# Installing gentoo on a Cisco ASA 5505

## dj_farid

I have a Cisco ASA 5505 here, which I can do what I wan with  :Smile: 

Has anyone installed Linux on such a device?

I really would like to try it out, but could not find anything googling around.

I think it should be possible, to successfully turn it into a gentoo router. The CPU is a Geode LX, 500 MHz.

Anyone here done anything similar? How would I go about installing the system?

----------

## alex.blackbit

check which options you have to boot from. that's probably the best starting point.

i don't see any any ide or scsi interfaces here, only a card slot. maybe that's all you have.

i guess this beast does not have a vga adapter or a slot where you could attach one. do you have a serial console? i guess you will have to use that to interact with the system in the first place.

and even if you manage to boot linux... i am very unsure if you will be able to use the network interfaces, because the might be using proprietary cisco chips.

----------

## dj_farid

There is a 128 MB flash card where the Cisco IOS is living. I could take that card and copy a Linux kernel on it. I am just a little unsure of how, if possible to make the Cisco bios boot from it. I don't think that the Cisco proprietary bios boots from the first sector the same way as a "normal" bios does.

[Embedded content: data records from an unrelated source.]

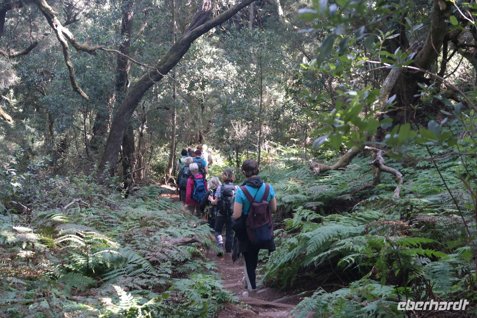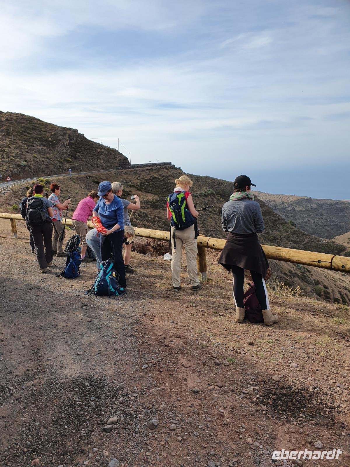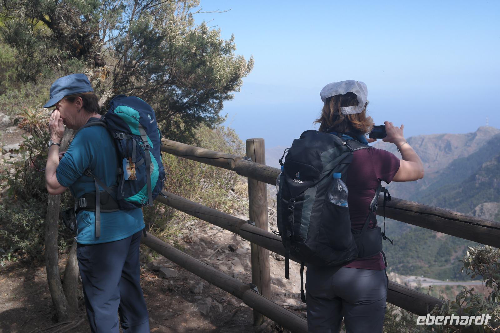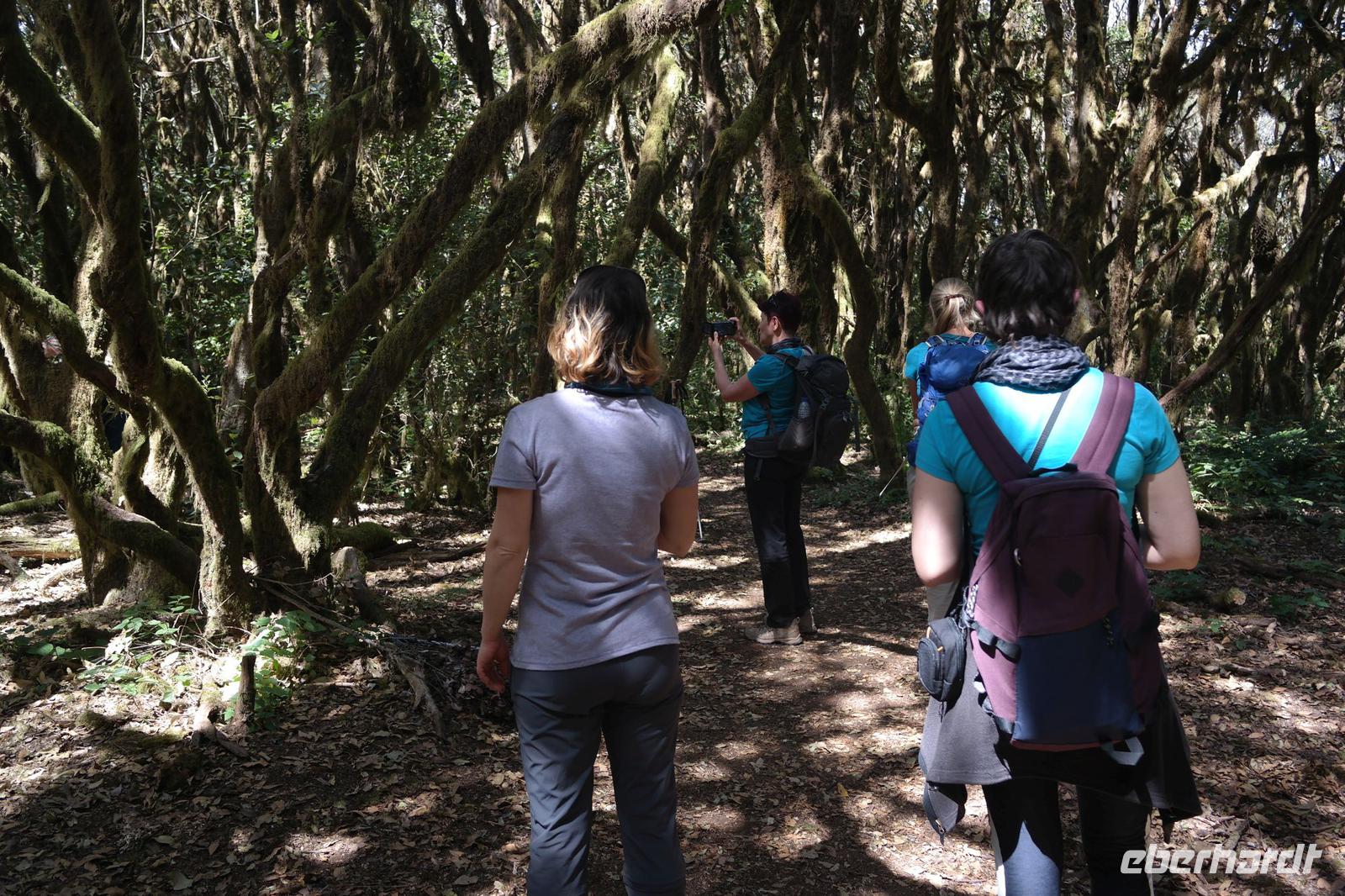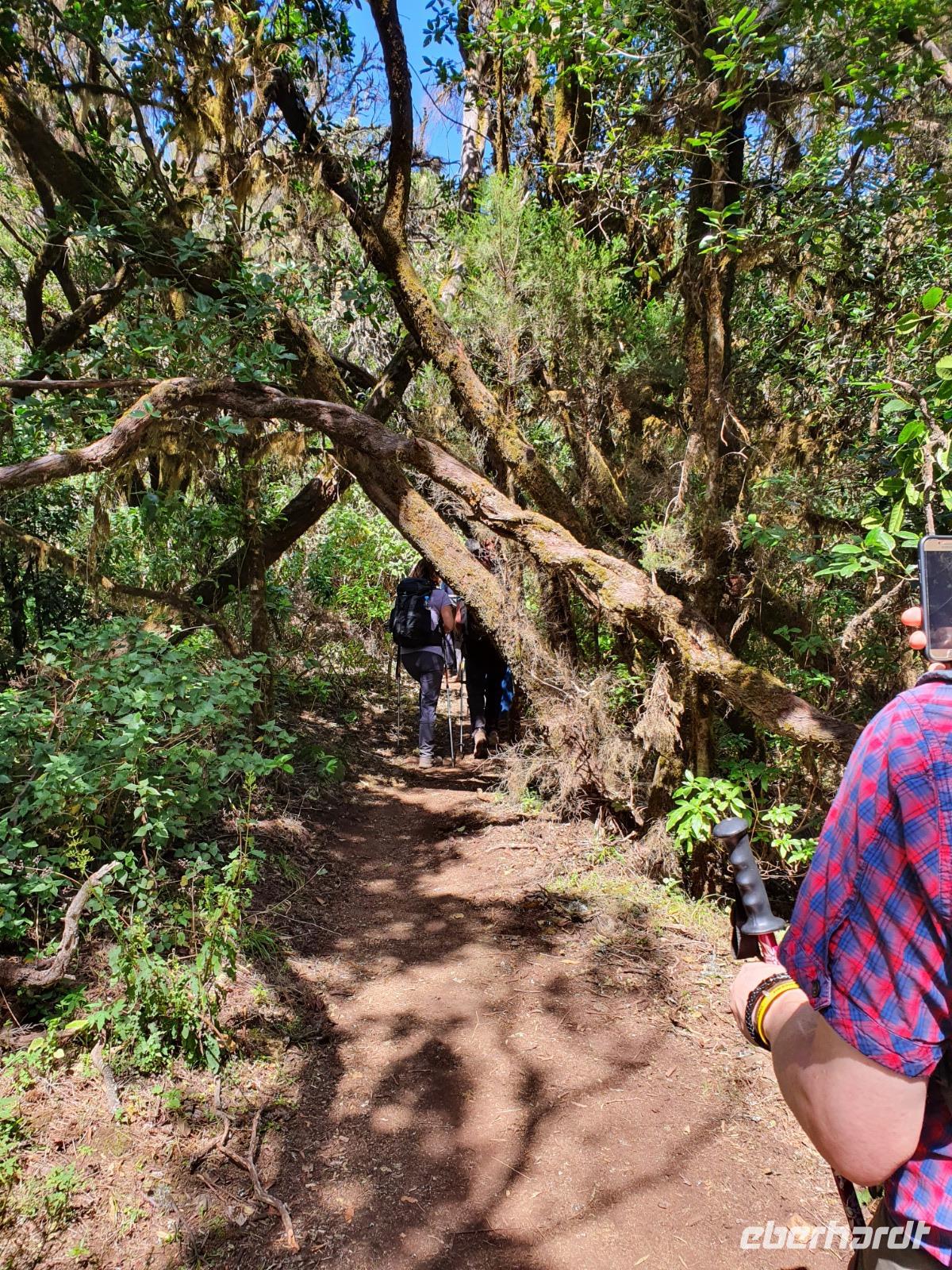 Nach dem Frühstück erwartet uns Ulrike bereits vor dem Hotel, wir gehen noch schnell in den Super-markt um Proviant für unterwegs zu kaufen, und dann lernen wir unseren Buschauffeur Ernesto mit seinem Cabrio-Bus kennen, der uns die ganze Woche zur Verfügung steht. Bei genau 20 Sitzplätzen ist die Vollzähligkeit der Gruppe sehr übersichtlich - Bus voll = alle sind da. Ernesto schiebt das Verdeck des Busses zurück und der warme Luftzug lässt uns die erste Fahrt in vollen Zügen genießen. Unsere erste Wanderung ist gleich die Gipfeltour - wir erwandern den mit 1.487 höchsten Berg der Insel, den Alto de Garajonay, der im gleichnamigen Naturschutzgebiet liegt. Unsere Ulrike nimmt Rücksicht auf die Strapazen unserer Anreise und verkürzt die erste Wanderung um gut 2,5 km (um sie anschließend an die Gipfeltour wieder anzuhängen). Die einzigartige Naturlandschaft wird geprägt von meterhoher Baumheide, verschieden Arten Lorbeerbäume, Buschheide, Farne, Moose, Sukkulenten, kanarischen Kiefern und jeder Menge endemischer Pflanzen - Ulrike scheint sie alle persönlich zu kennen und lässt uns an ihrem botanischen Fachwissen teilhaben. Schon um die Mittagszeit genießen wir den fantastischen Ausblick vom Gipfel des Garajonay über die gesamte Insel und auch der Pico del Teide auf der benachbarten Insel Teneriffa ist nun gut zu erkennen. Auf dem Rückweg holt ein Teil der Gruppe die zunächst eingesparten 2,5 km Wanderung nach, wir hatten schließlich noch nicht genug fotografiert und neue Motive fanden sich sehr schnell. Ulrike lobte unsere Gruppe als „beste Gruppe, die sie heute hatte" und wir treffen uns pünktlich um 18.52 Uhr zum gemeinsamen Abendessen. Im Restaurant Los Caprichos wartet natürlich die grüne Suppe auf uns, diesmal etwas dicker und sehr reichlich davon, die kanarische Kresse (Tropaeolum peregrinum, stammt ursprünglich aus Peru) muss ähnlich groß sein wie Rhabarberblätter. Almogrote, Mojo rojo und Mojo verde, Miel de Palma, Gofio und die schrumpeligen Salzkartoffeln (papas arrugadas) erobern unser Herz und unsere Mägen. Dazu passt sehr gut ein Wein von der Insel oder ein frisch gezapftes Dorada.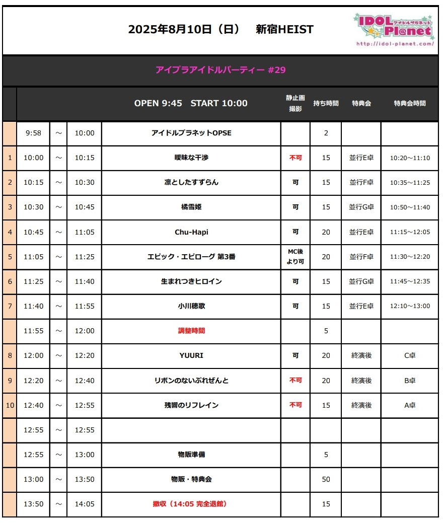 ■件名/8月10日 アイプラアイドルパーティー予約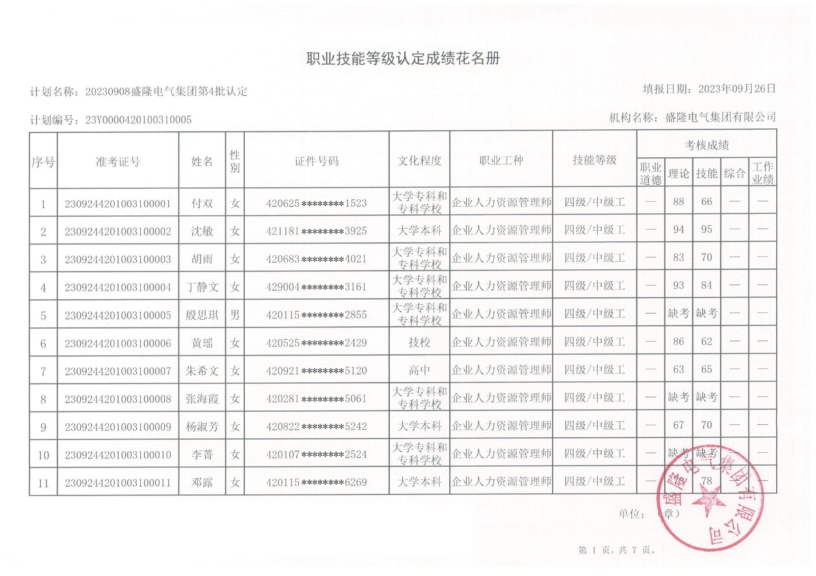 盛隆電氣集團2023年第六批職業技能等級認定成績公示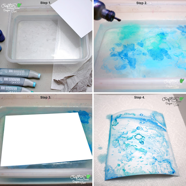 - Put on those gloves then drop alcohol ink randomly across the water. I used a combination of Adirondack Alcohol Ink and Copic Various Ink refills.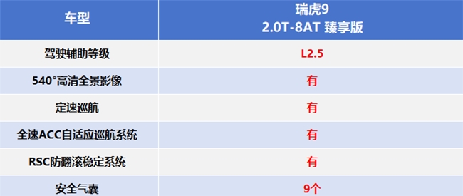 对于家庭用户来说,全员安全一定是幸福出行的基础。瑞虎9采用全球五星安全标准设计,磐石车身高强度钢占比达85%,配合双防撞梁+6吸能盒、乘员舱6条传力路径等设计,可以为用户带来全方位的安全保护。而同级唯一环抱式10安全气(含同级独有远端气囊)更是对安全进行了进一步“加码”(臻享版为9安全气囊),全面提升了“安全底线”。另外,这款车还全系标配了L2.5级智能驾驶辅助,21项主动安全配置,让用户安全感“拉满”。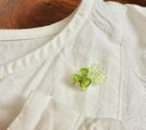 シンプルなカーディガンやシャツ、帽子、ポーチなどのワンポイントにいかがですか。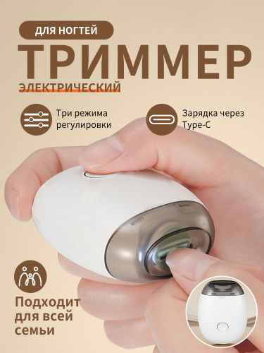 Триммер для ногтей электрический белый с подсветкой машинка для стрижки ногтей на ногах и руках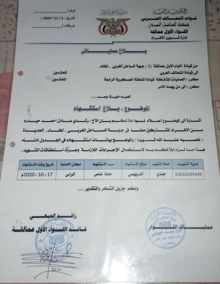 وأكد عادل احمد والد الشهيد إنه سبق وأن تقدم بالعديد من المطالبات لقيادة المنطقة العسكرية الرابعة لتحويل راتب نجله إلى المصارف ضمن كشوفات الشهداء والجرحى لكنه دون جدوى.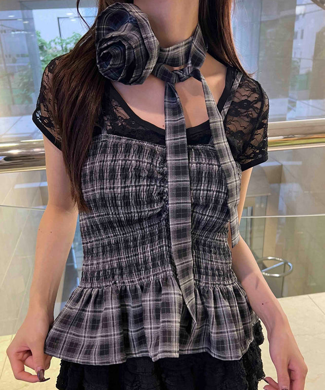 シンプルながら裾のフリルとローズのチョーカーで華やかさもプラス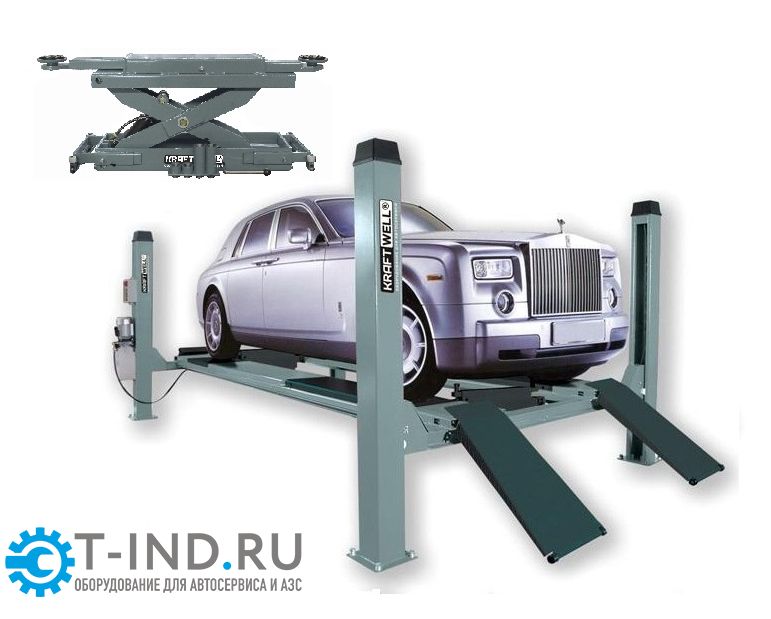 1. Подъемник четырехстоечный 5,5 тонн KraftWell KRW5.5WA, электрогидравлический, для сход-развала, 380В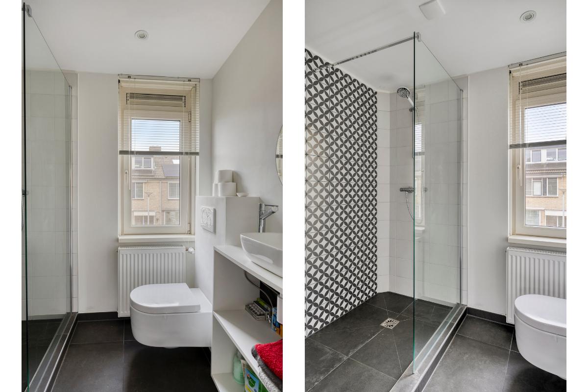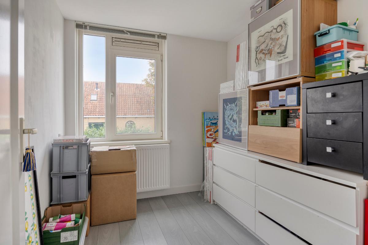 Eerste verdieping: De gehele eerste verdiepingsvloer is voorzien van laminaat en de kozijnen zijn hier allemaal van kunststof met een draai-/kiepsysteem. Op de overloop is er een bergkast en de vaste trap naar de tweede verdieping. Aan de achterzijde van de woning zijn twee slaapkamers gesitueerd en aan de voorzijde de derde slaapkamer en de eerste badkamer. De badkamer beschikt over een tweede toilet, een ruime inloopdouche en een wastafelmeubel.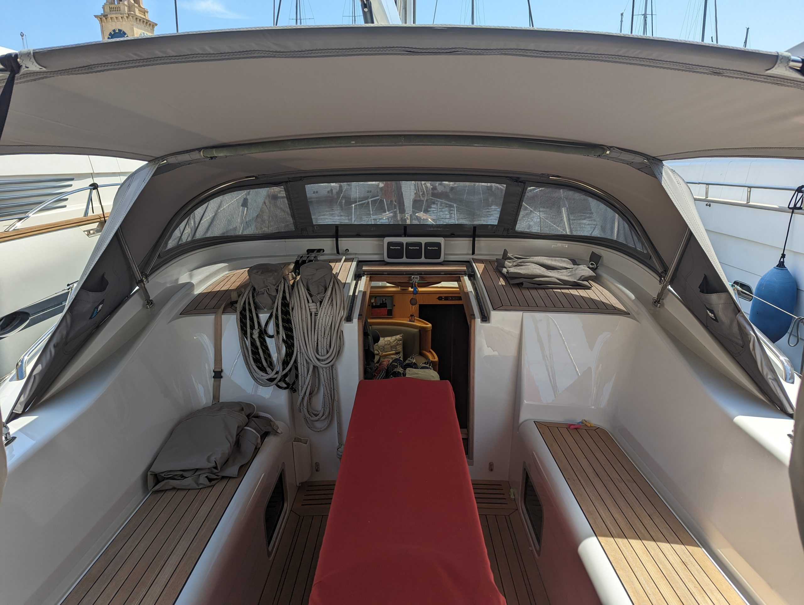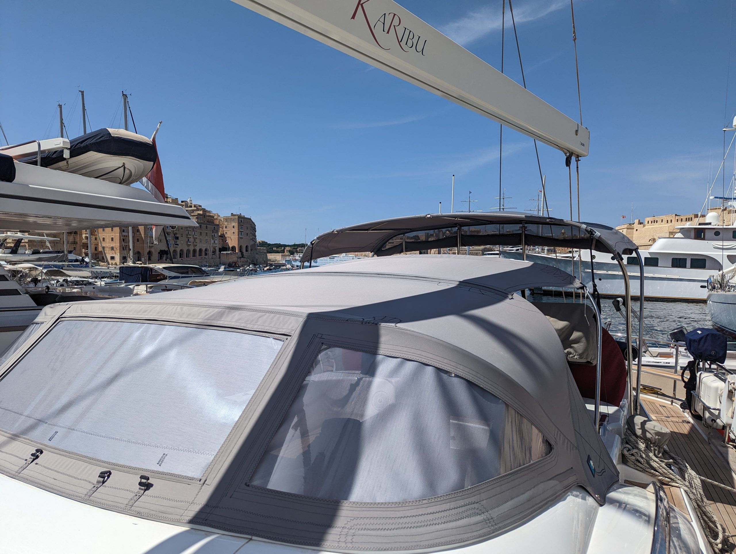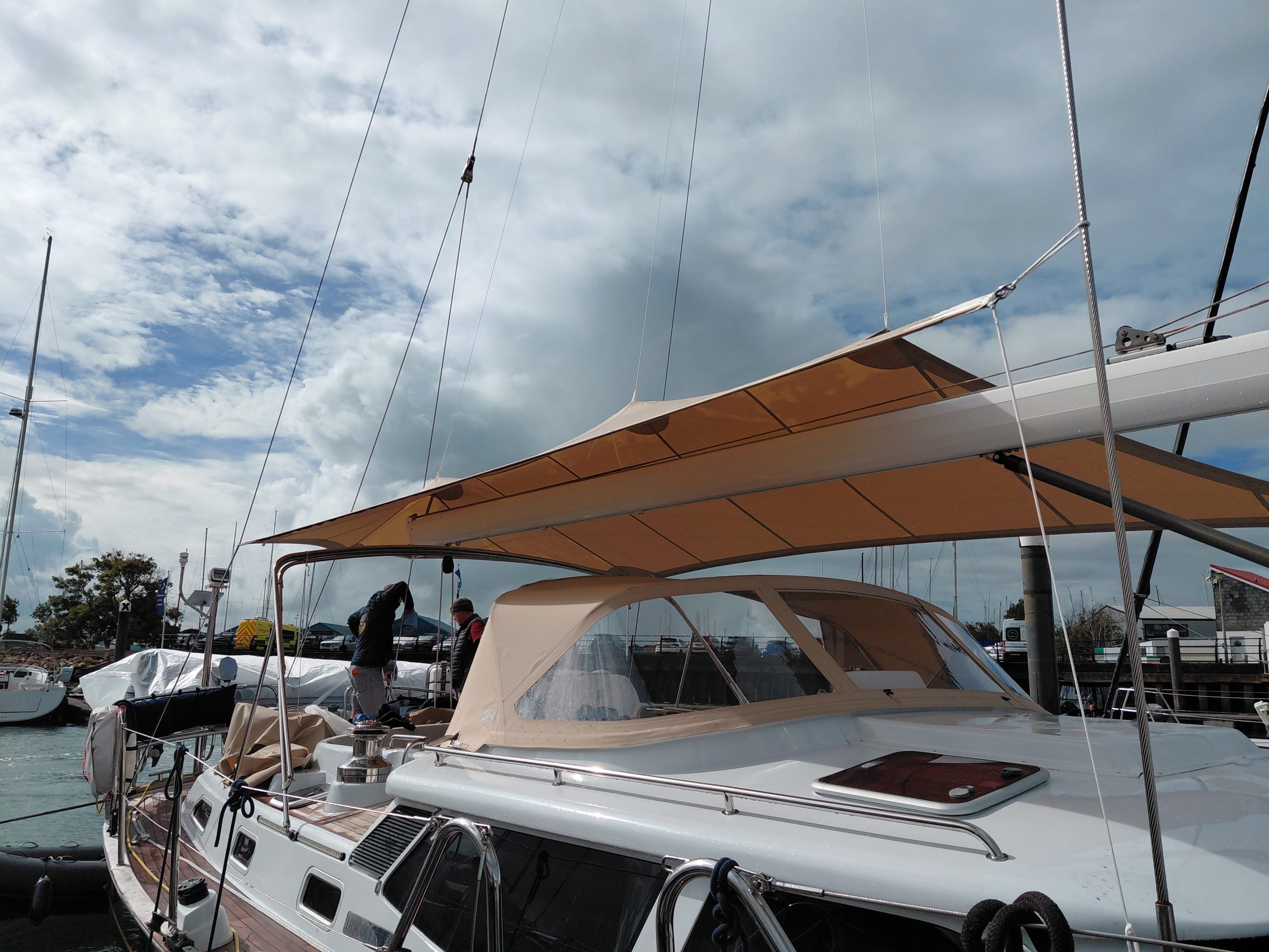 Discovery 55 WeatherMAX80 sprayhood and overboom tensile awning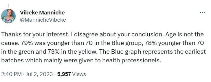 In any case, if one suspects that the batch variability in the Danish study is just a function of the ages of the vaccinees, why not ask the authors if they have relevant information? As it so happens, they do, and Vibeke Manniche, one of the authors, has addressed the issue in the below tweet reply to Denis Rancourt. The reality is exactly the opposite of what is suggested by the age-confounding hypothesis: more elderly people got the ‘safe’ yellow batches than the dangerous blue ones.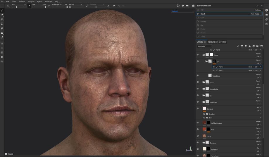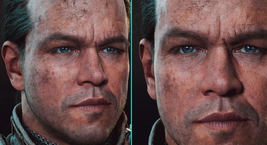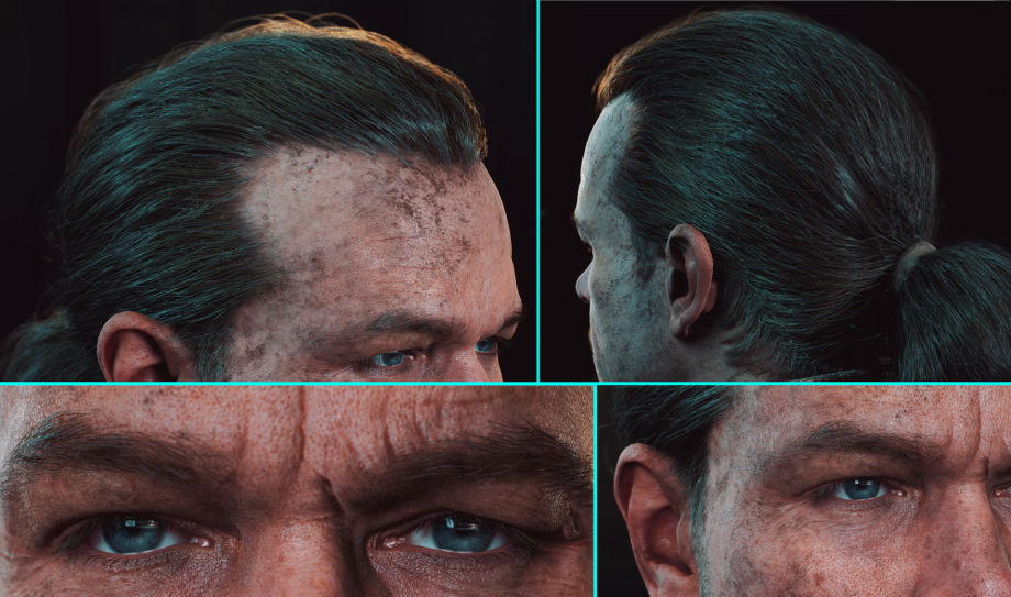 对于马特·达蒙 (Matt Damon) 的肖像造型,首先找到一组具有相似年龄组、相机 FOV 和照明的头部参考图像,用于正面、自下而上的鼻孔、剃光头、四分之三和侧面视图。其次通过测量来雕刻底层的头骨结构和面部标志,例如眼睛,鼻子和嘴唇之间的距离等。使脸部从各个角度都类似于演员,避免直接从图像追踪,因为 ZBrush 中的相机视角和参考图像会有所不同,会影响从各个角度观看时的造型和面部解剖结构。在 Photoshop 中使用快速 ZBrush 屏幕截图进行检查。最后添加细节,如皱纹和毛孔细节。毛孔细节来自头部拓扑/UV 的预制颜色图,将所有烘焙的贴图导出到 Substance Painter 中进行纹理化,对面部纹理细节进行分层,即面部区域色调、雀斑和污垢,从粗糙度、SSS、镜面反射到细节蒙版贴图的所有贴图都会同时调整并放到UE4的自定义皮肤着色器中。第二个可平铺的毛孔细节法线贴图用作微粗糙度分解,使皮肤具有油性。调整Subsurface Scattering 贴图与 Unreal 的 SSS 皮肤配置文件。

The bios looks for a bin file there if I am not mistaken.

If the Cisco bios is somehow locked, I have no idea how to proceed.

There is a serial console where I can interact with the device. If I am not mistaken the console is controlled by the cisco bios. So if it is possible to boot Linux on top of the original bios, it would be possible to keep the console.

There are some links to pages for "Linux on Geode" here: http://en.wikipedia.org/wiki/Amd_geode#AMD_Geode

Too bad that ASA 5505 is not listed.

Maybe the device is too expensive for anyone else having the same idea as me.

----------

## alex.blackbit

that this processor is a amd geode is not really the point, since it's simply a x86 processor. linux is known to work on that arch  :Wink: 

you will have to try to find out what exactly is contained in that bin file.

try the usual tools, like file, hexdump, readelf, ...

and search on the internet too. there are specialized cisco forums.

----------

## dj_farid

I have ben searching the net for anything useful. I haven't found anything that could help me.

I don't think that it is possible in any easy way to replace the original bios with anything less locked down, since the mainboard is made by Cisco.

My guess is that it should not be too hard to boot an alternative OS after the bios has done it's thing.

But I am not a programmer, so I might be wrong.

If anyone knows any good sites that could help me...

----------

## alex.blackbit

i think you will not be able to do anything about the "bios" that is present on that board.

it would indeed be possible to boot a different os, that's for sure, but that requires a lot of knowledge.

all the guys who ported linux or a different os to a new arch had the same problems: where to get infos? how to debug?

your idea is quite nice, but i think it is not worth the effort.

----------